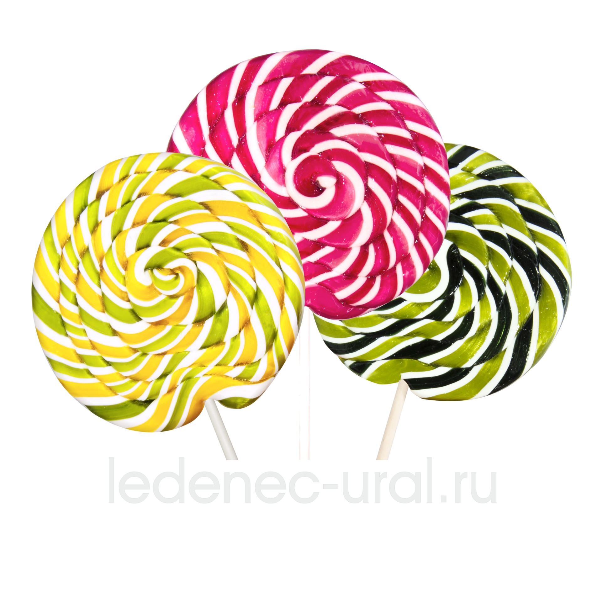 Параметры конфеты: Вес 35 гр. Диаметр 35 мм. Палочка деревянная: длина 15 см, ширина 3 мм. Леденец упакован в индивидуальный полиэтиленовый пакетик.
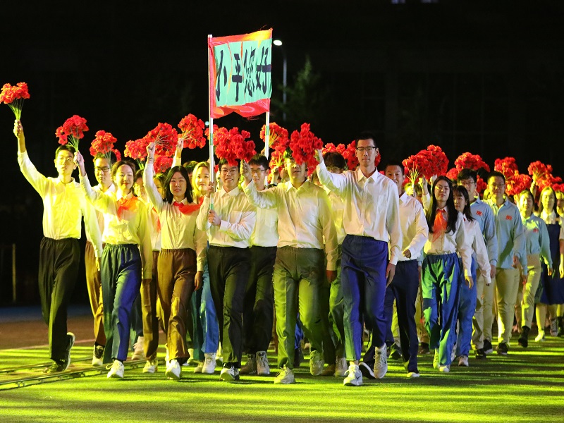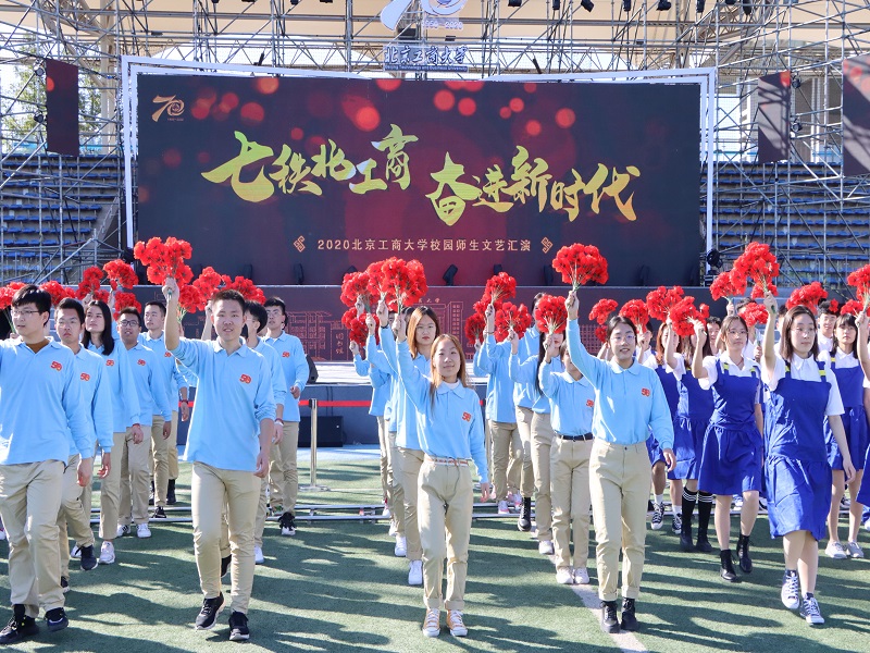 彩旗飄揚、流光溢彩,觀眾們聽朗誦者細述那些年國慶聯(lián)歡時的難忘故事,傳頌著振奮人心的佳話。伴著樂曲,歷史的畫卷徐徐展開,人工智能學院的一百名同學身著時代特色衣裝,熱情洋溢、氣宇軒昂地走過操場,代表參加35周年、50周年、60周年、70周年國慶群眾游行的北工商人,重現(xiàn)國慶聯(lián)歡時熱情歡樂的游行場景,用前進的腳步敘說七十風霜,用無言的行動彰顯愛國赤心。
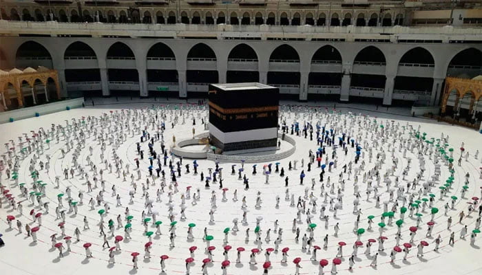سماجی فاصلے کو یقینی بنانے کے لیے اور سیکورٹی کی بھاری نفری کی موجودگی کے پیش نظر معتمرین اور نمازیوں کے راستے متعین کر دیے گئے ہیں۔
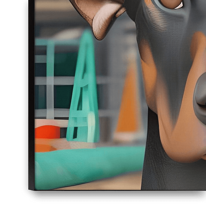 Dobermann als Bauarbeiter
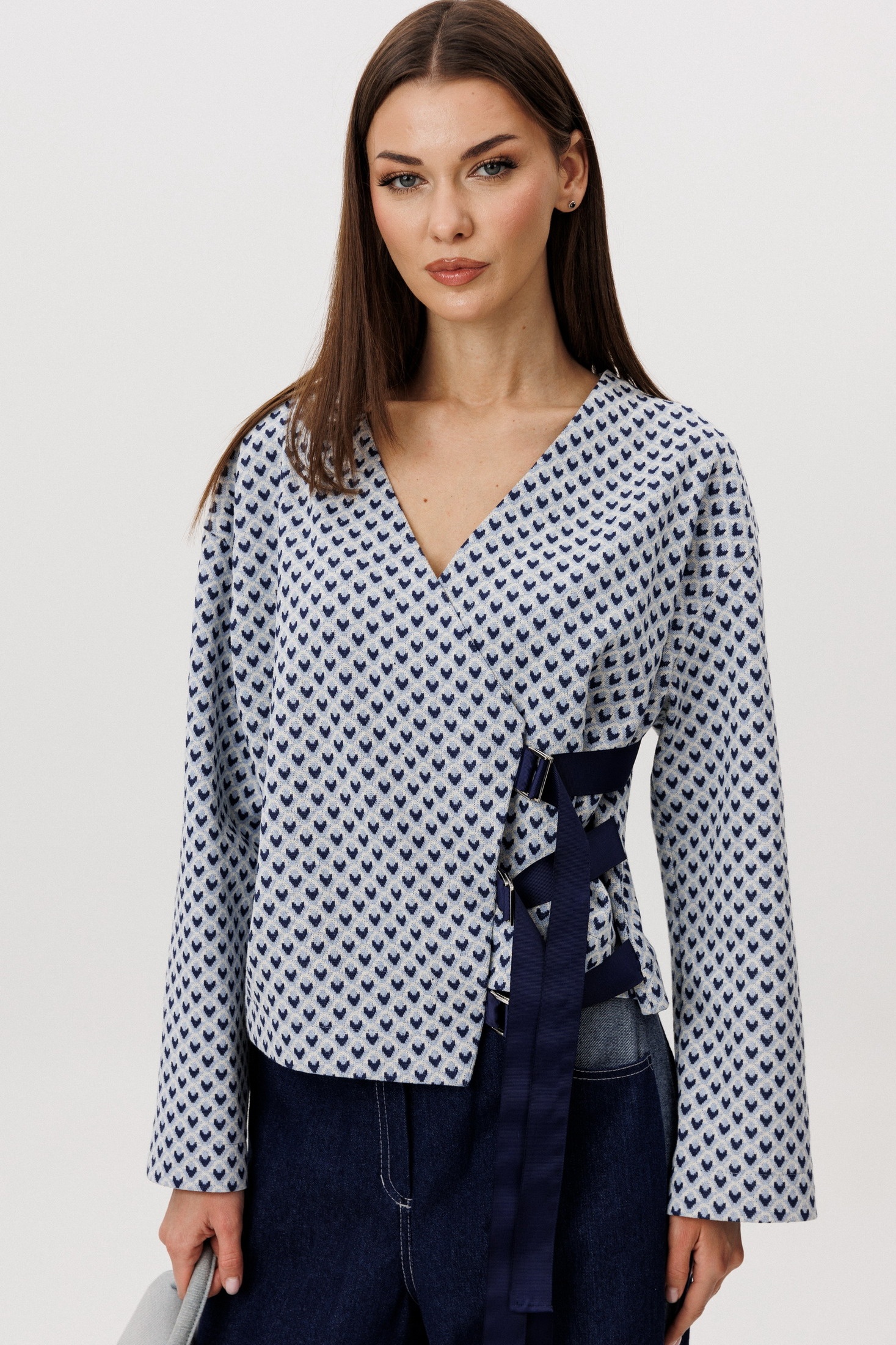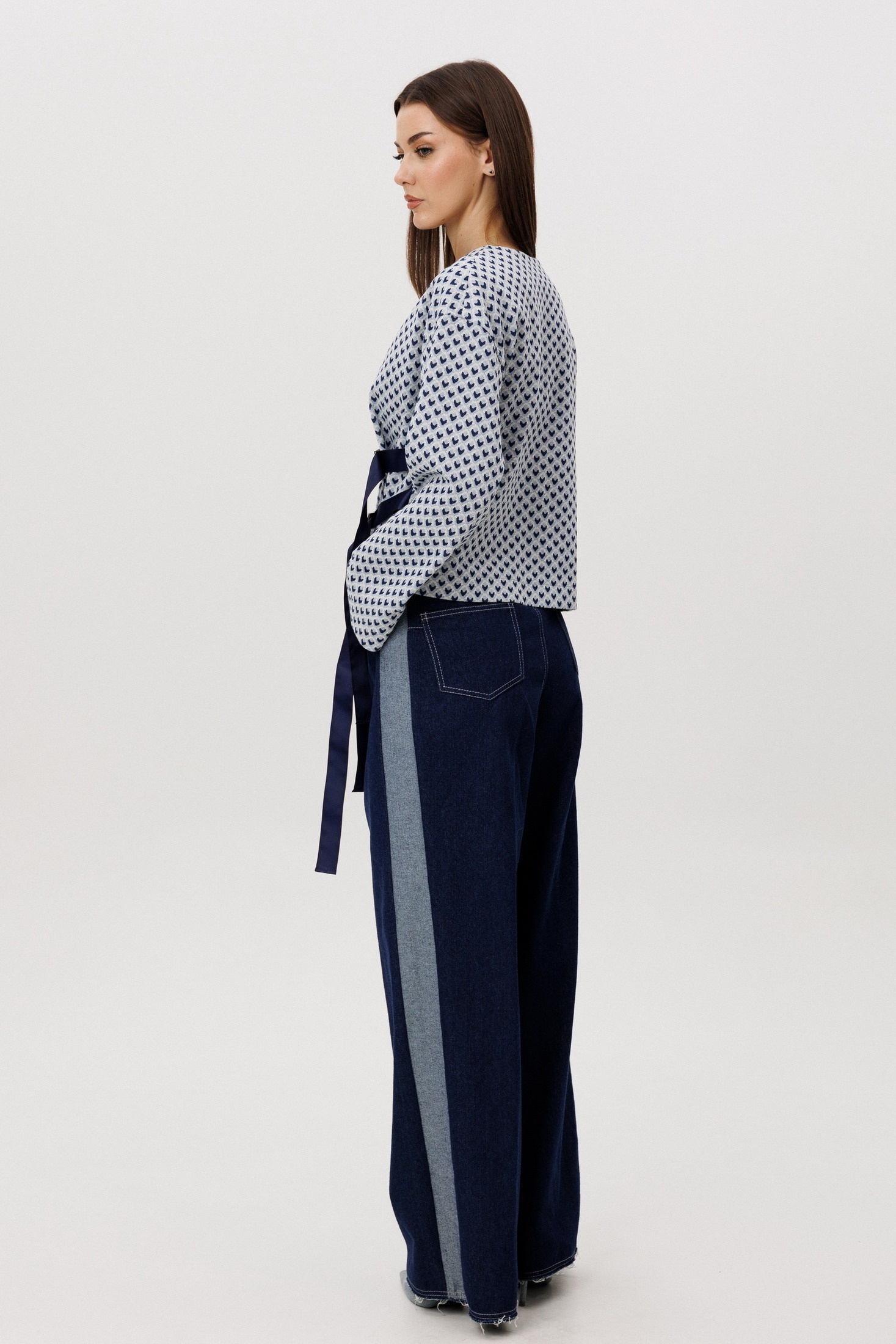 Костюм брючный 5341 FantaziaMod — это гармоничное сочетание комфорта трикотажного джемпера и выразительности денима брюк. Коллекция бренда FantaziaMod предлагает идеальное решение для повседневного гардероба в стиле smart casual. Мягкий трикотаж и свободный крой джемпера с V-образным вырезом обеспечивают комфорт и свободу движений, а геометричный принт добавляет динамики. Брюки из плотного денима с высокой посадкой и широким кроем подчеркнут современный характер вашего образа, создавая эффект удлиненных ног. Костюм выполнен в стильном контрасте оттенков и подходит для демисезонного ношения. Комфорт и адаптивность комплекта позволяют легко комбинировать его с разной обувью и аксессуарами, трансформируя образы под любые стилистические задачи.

----

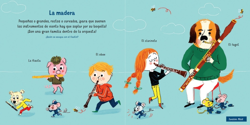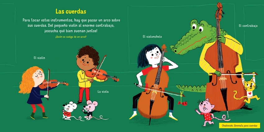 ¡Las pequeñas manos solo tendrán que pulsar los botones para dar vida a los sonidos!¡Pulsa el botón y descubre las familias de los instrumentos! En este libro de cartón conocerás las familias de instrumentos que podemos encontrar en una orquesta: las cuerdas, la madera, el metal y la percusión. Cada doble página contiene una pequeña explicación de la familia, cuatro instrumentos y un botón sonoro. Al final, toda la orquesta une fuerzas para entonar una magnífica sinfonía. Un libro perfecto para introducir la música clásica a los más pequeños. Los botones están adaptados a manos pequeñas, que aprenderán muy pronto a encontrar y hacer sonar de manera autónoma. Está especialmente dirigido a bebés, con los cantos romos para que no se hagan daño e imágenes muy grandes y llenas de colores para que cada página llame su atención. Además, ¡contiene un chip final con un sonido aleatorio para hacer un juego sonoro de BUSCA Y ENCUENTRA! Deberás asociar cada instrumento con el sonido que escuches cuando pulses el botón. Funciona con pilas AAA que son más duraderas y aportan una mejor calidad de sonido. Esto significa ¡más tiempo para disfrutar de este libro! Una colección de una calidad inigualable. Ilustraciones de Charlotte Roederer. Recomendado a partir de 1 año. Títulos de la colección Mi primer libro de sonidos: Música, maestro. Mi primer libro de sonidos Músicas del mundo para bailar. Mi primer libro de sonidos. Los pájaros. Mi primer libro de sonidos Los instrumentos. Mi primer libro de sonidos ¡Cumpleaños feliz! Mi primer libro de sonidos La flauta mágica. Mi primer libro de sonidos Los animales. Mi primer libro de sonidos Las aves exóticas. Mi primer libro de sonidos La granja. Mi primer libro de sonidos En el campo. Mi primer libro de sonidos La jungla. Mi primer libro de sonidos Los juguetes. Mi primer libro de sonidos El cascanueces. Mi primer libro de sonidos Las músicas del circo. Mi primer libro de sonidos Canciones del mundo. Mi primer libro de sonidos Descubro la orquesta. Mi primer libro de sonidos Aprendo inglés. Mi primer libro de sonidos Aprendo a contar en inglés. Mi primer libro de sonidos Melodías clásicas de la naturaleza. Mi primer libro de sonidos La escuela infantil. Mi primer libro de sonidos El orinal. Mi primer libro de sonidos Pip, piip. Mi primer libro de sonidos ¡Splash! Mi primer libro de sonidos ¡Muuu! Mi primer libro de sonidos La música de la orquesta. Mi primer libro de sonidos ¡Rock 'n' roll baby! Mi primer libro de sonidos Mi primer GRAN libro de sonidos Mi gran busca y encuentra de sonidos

----

▶ **EXERCISE GOAL**
Print, exactly and with no pictures, the lines of the listing above starting at the one that has "Dobermann als Bauarbeiter" and ending at the one that has "Костюм брючный 5341", both included.

▶ **ANSWER SPACE**
 Dobermann als Bauarbeiter
 Костюм брючный 5341 FantaziaMod — это гармоничное сочетание комфорта трикотажного джемпера и выразительности денима брюк. Коллекция бренда FantaziaMod предлагает идеальное решение для повседневного гардероба в стиле smart casual. Мягкий трикотаж и свободный крой джемпера с V-образным вырезом обеспечивают комфорт и свободу движений, а геометричный принт добавляет динамики. Брюки из плотного денима с высокой посадкой и широким кроем подчеркнут современный характер вашего образа, создавая эффект удлиненных ног. Костюм выполнен в стильном контрасте оттенков и подходит для демисезонного ношения. Комфорт и адаптивность комплекта позволяют легко комбинировать его с разной обувью и аксессуарами, трансформируя образы под любые стилистические задачи.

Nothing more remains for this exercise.